Elle portait son plat à bout de bras afin que nul regard ne fut déçu
et, humble sous les félicitations, venait déposer le met au centre
de la table. Ma mère alors pouvait commencer le partage des parts
dans nos assiettes et chacun, nous attaquions les aliments avec
délectation.
Ces repas peuvent, à l'heure actuelle, paraître
très simples mais l'art et l'amour qui y avaient été apportés en
faisaient alors des repas exceptionnels. Des perles du Japon, un
gros poulet, une purée et des choux de Bruxelles faisaient aussi
partie de l'esprit de Noël qui flottait ce soir-là dans la pièce
et autour de notre table.
II. Une année, le sapin dressé, équilibré, garni, je découvris qu'un espace suffisant permettait de vivre sous ses branches basses. Ma mère me céda une vieille couverture que je glissai à l'arrière de l'arbre. Chaque soir, je me faufilais dans ce terrier inattendu et, durant de longues minutes, attentive à ne pas me faire remarquer, j'observais la vie dans notre salle de séjour. Des pieds passaient, glissant, claquant les talons, pas menus de mon aïeule, chaussures sévères de mon grand-père, petite pointure de ma sœur, je reconnaissais les membres de ma famille à leurs pieds. Les conversations aussi étaient caractéristiques de chacun : Mon père parlait de ses corrections ou d'un disque de jazz qu'il voulait acheter, ma grand-mère distribuait ses conseils de prudence par rapport à l'arbre, mon grand-père critiquait un article de journal et mon aînée expliquait un roman feuilleton qu'elle venait de lire dans sa «Semaine de Suzette».

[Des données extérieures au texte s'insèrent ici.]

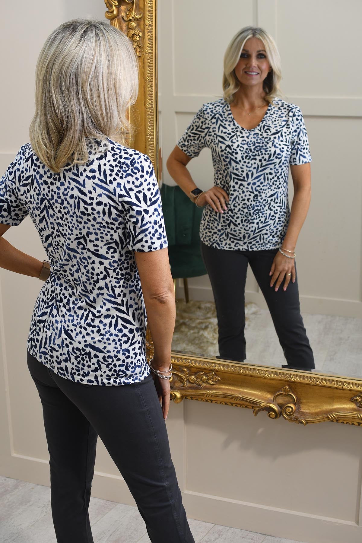 Elevate your casual wardrobe with the Barbara Lebek Navy & Panna Cotta Mixed Print Top. Crafted from a premium blend of 92% viscose and 8% elastane, this top offers exceptional comfort and a flattering fit. The lightweight fabric ensures breathability, making it perfect for everyday wear. Featuring a chic mixed print design in versatile navy and panna cotta hues, it effortlessly complements any outfit. The soft, stretchy material provides ease of movement, ideal for on-the-go lifestyles. Pair this top with jeans or tailored trousers for a stylish look.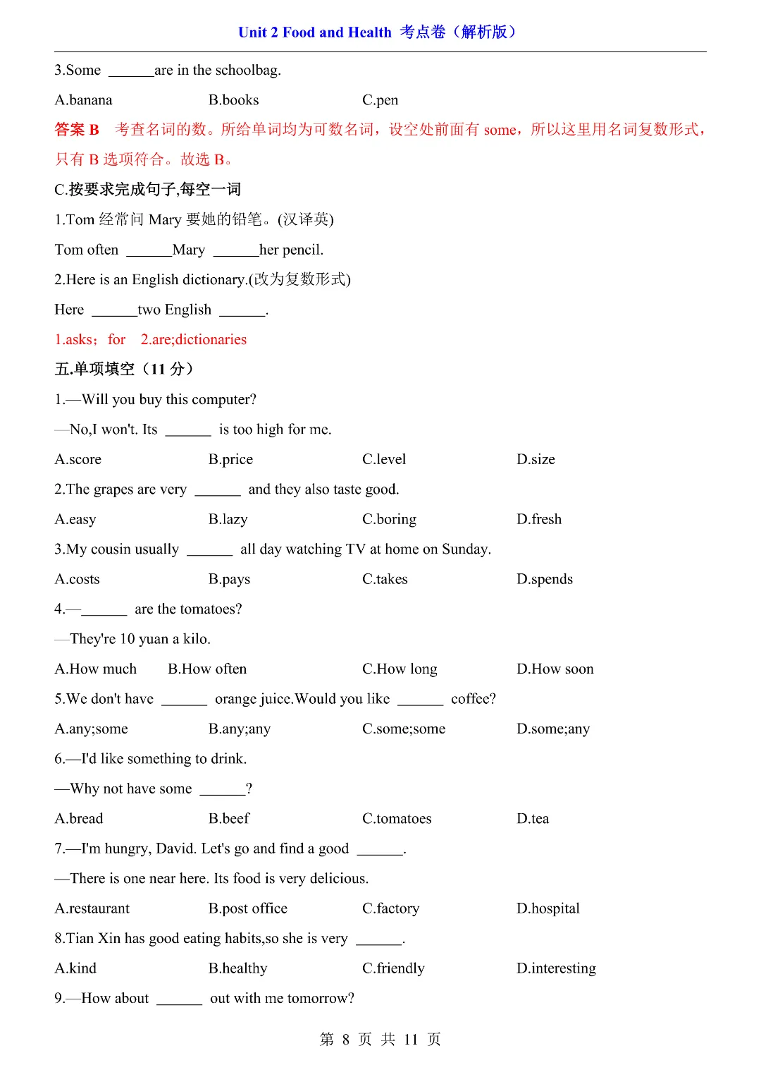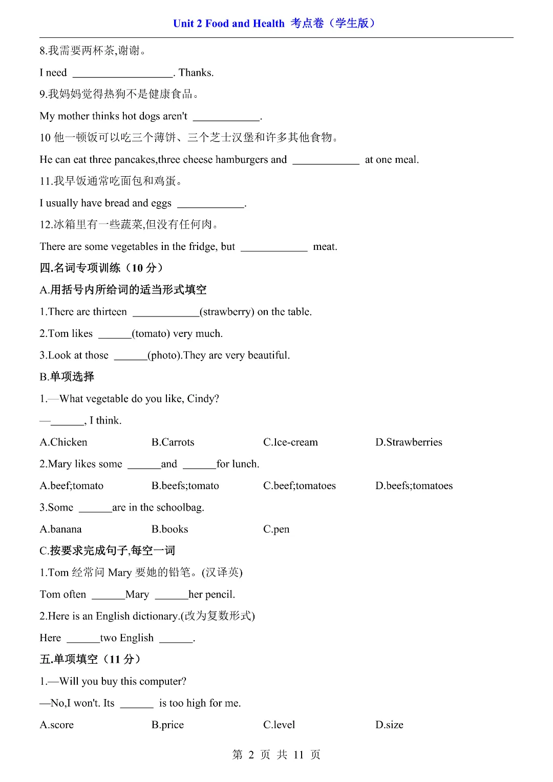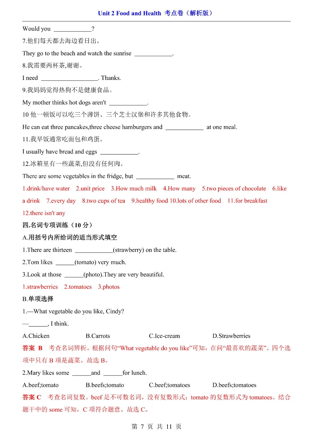 2026年春北师大版七年级初中下册英语《第二单元考点测试卷》附答案‖可打印

Mon grand plaisir, un soir, fut d'entendre ma mère
entrer dans la pièce et demander avec l'hypocrisie propre aux
adultes :
-Vous n'avez pas vu la petite? Je la cherrche
parrtout mais frranchement, je ne la trrouve nulle parrt. Frranz,
tu ne l'as pas vue?
Mon père, à ma grande joie, tomba des nues.
-Elle n'est pas dans la cuisine? Tu es allée
voir dans le bureau? Elle cherche peut-être un jouet dans son
armoire?
Les dénégations de ma mère l'inquiétèrent. Il
se leva pour participer aux recherches. Bon, le jeu avait assez
duré, il était temps que je me dévoile et que je sorte de ma
cachette.
- Coucou! Je suis là!- Ah, dit ma mère, feignant l'étonnement, tu étais là!
- Mais qu'est-ce que tu faisais là ? Demanda mon père, étonné.
Je ris, heureuse, croyant avec naïveté avoir berné
toute la famille et bien décidée à recommencer le lendemain.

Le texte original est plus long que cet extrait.